* [PROBLEM STATEMENT]
No line before the one holding "A line of cars" is to be copied; that line and all after it, through the end of the listing, are returned exactly, minus pictures.

+ + + +

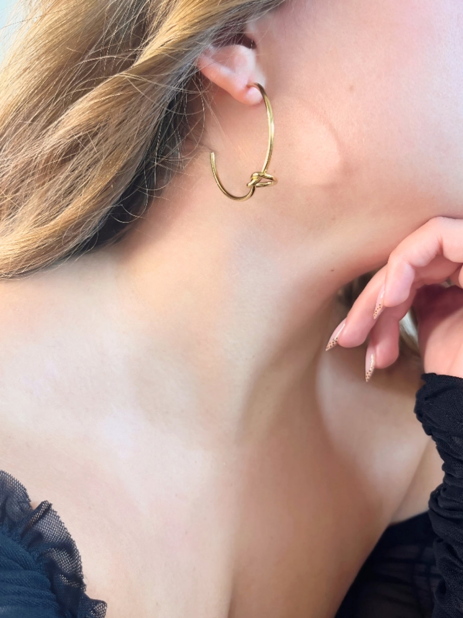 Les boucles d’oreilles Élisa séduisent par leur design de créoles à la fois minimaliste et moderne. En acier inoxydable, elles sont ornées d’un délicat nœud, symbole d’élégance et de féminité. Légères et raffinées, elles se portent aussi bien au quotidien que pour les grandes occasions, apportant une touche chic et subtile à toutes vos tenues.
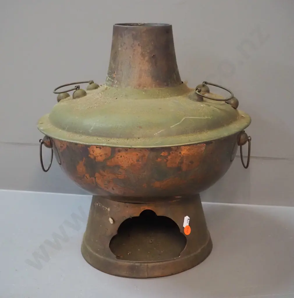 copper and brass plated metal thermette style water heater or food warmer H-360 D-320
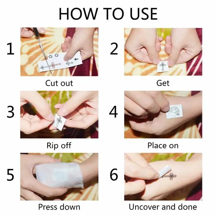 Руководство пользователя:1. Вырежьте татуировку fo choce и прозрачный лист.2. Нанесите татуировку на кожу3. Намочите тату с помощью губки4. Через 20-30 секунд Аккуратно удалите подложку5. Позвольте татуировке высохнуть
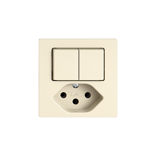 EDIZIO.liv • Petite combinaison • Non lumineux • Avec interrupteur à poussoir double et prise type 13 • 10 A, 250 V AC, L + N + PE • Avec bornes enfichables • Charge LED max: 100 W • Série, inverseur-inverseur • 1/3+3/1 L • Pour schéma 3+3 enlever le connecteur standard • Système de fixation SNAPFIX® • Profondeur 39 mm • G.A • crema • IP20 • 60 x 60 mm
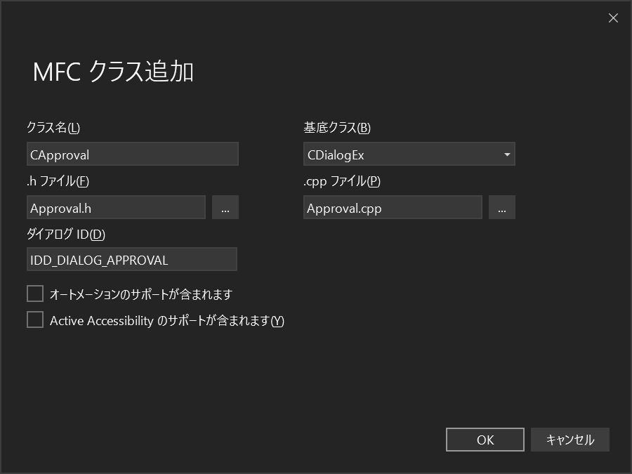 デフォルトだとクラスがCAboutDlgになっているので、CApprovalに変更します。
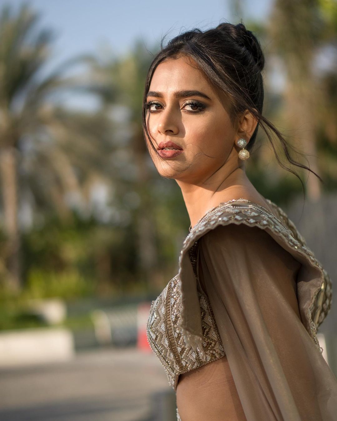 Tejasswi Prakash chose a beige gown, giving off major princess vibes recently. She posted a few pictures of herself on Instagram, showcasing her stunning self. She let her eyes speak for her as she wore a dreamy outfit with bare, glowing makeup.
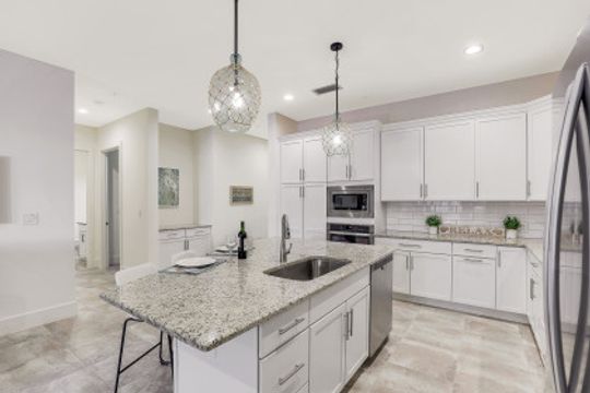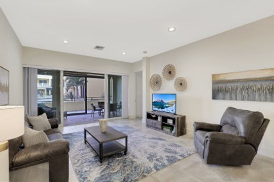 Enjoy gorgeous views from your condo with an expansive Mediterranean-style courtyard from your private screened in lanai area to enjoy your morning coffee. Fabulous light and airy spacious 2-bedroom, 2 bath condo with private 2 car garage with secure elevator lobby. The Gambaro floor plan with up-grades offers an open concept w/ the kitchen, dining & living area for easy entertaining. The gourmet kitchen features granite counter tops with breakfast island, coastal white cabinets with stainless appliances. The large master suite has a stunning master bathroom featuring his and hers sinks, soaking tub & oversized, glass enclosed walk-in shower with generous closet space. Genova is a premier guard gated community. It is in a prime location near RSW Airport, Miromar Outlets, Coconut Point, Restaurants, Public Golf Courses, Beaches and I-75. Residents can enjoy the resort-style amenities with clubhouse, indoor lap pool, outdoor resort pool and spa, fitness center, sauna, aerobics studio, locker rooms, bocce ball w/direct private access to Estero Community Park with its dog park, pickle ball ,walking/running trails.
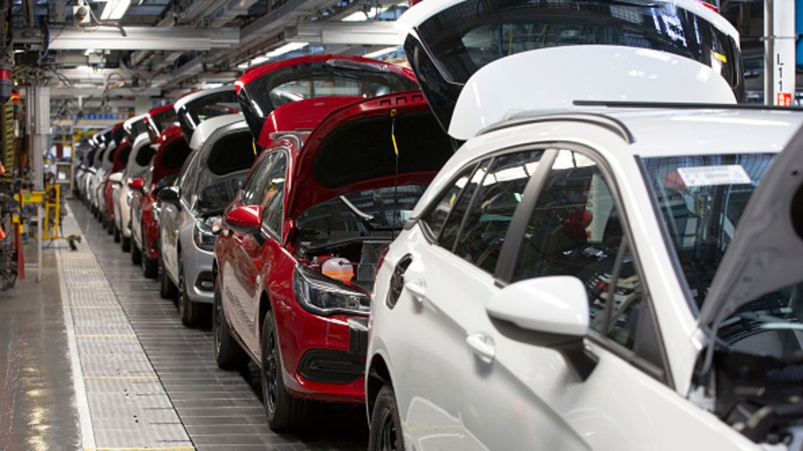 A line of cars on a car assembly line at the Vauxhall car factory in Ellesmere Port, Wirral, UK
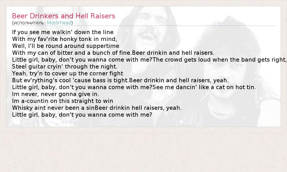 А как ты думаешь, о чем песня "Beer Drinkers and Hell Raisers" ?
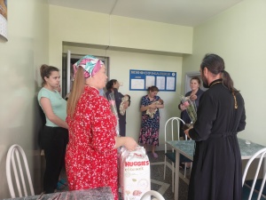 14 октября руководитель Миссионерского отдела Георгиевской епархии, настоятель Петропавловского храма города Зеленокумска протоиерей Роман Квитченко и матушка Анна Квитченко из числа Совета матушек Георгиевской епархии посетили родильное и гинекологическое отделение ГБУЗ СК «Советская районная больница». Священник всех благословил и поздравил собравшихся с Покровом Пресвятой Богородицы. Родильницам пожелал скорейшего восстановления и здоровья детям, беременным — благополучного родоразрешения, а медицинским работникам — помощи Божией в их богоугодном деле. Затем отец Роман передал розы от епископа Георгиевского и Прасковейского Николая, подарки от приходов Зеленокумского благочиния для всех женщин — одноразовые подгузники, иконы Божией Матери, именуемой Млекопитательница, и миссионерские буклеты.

+ + + +

* [FINISHED TASK]
 A line of cars on a car assembly line at the Vauxhall car factory in Ellesmere Port, Wirral, UK
 А как ты думаешь, о чем песня "Beer Drinkers and Hell Raisers" ?
 14 октября руководитель Миссионерского отдела Георгиевской епархии, настоятель Петропавловского храма города Зеленокумска протоиерей Роман Квитченко и матушка Анна Квитченко из числа Совета матушек Георгиевской епархии посетили родильное и гинекологическое отделение ГБУЗ СК «Советская районная больница». Священник всех благословил и поздравил собравшихся с Покровом Пресвятой Богородицы. Родильницам пожелал скорейшего восстановления и здоровья детям, беременным — благополучного родоразрешения, а медицинским работникам — помощи Божией в их богоугодном деле. Затем отец Роман передал розы от епископа Георгиевского и Прасковейского Николая, подарки от приходов Зеленокумского благочиния для всех женщин — одноразовые подгузники, иконы Божией Матери, именуемой Млекопитательница, и миссионерские буклеты.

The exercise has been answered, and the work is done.